ARTE FIERA OBSERVATORY

Silvia Evangelisti
photo

After earning a degree in Modern Literature with a dissertation on the History of Contemporary Art, she received her PhD in Art History in 1989. From 1986 to 2015 she chaired the department of History and Methodology of Art Criticism at the Fine Arts Academy of Bologna. She began working with Arte Fiera in Bologna in 1988, first as a consultant and, from 2003 to 2012, as Artistic Director. From 1983 to 2004 she contributed articles to Il Giornale dell'arte" (Umberto Allemandi Editore, Turin). From 2005 to 2009 she was a member of the Commisione Unicredit per l'Arte. In 2012 she was appointed, by renown, as professor of Historical Avant-garde and Neo-Avant-garde Movements for the Master’s Degree course at the School of Art, Humanities, and Cultural Heritage of the University of Bologna, a role she still covers.

I’ve “gone to” Arte Fiera ever since its first edition in 1974, when, as a student of modern literature, I worked as a stand assistant to earn a few Lire. Back then the fair was a trade fair, i.e., there were farm machines, bedrooms, stalls that sold sandwiches, etc. in the halls next to the ones that exhibited works of art. My love of contemporary art was ignited by that experience as a stand assistant at the first edition of Arte Fiera.

I had studied medieval and modern art, and I was thrust into a different and amazing world. The first few editions of the fair presented the galleries of Leo Castelli and Ileana Sonnabend, the Malborough, plus Sidney Jannis, John Weber, Anna Canepa, Parasol, Giorgio Marconi, Lia Rumma, Lucio Amelio, and Lucrezia De Domizio. I met, among others, Luigi Carluccio, Robert Rauschenberg and Leo Castelli. I have a very vivid memory of Leo Castelli: that extraordinary man enchanted me with his (proverbial) elegance and charm, even if he couldn’t really be called handsome. I recall his kindness and ability to listen to everyone, answering them in their own language: Italians in Italian, Americans in English, French in French, Germans in German, while simultaneously chatting with his wife Ileana in Hungarian.

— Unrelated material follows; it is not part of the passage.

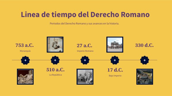La RepúblicaDe la Ley de las XII tablas al fin de la República. Inicia en el año 510 a.C. y termina en el 27 a.C. Las Leyes, los Plebicitos, el Senadoconsulto, los Edictos y la Jurisprudencia sirven de fuentes del derecho
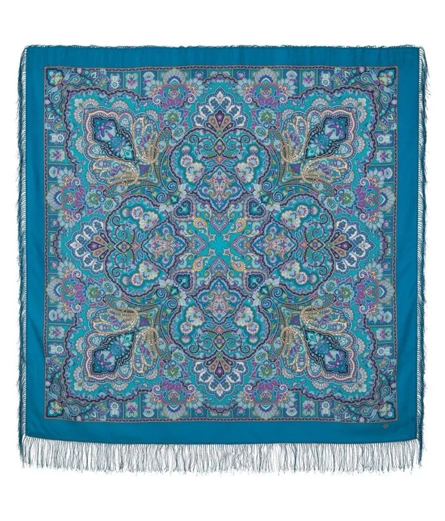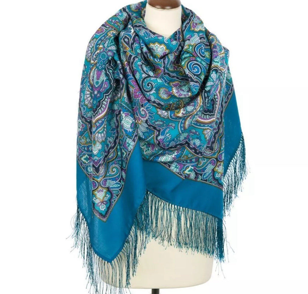 This 57'' big square shawl in dark turquoise is made from 100% merino wool, featuring a herbal pattern and Bohemian character. The shawl is adorned with fringe accents and is versatile to be worn as a scarf, palantine, neck warmer, dupatta, or shoulder wrap. With colors of dark turquoise, turquoise, yellow, and purple, this shawl from Pavlovo Posad is a stylish and functional addition to any wardrobe, suitable for all seasons.

Then, for ten years, I worked as a director in international art fairs. Contemporary art fairs run a real risk of approval because they’re always compared to Art Basel. Here in Bologna we stand out because we’re an Italian fair, and Italy’s artistic output is extraordinary, underestimated globally, and without much support.

Arte Fiera is the international showcase of Italian art, and this has been perfectly understood by Simone Menegoi, its current director, with his deputy Gloria Bartoli.

We’re sailing in stormy seas: my hopes and thoughts, and those of my city, are with Arte Fiera.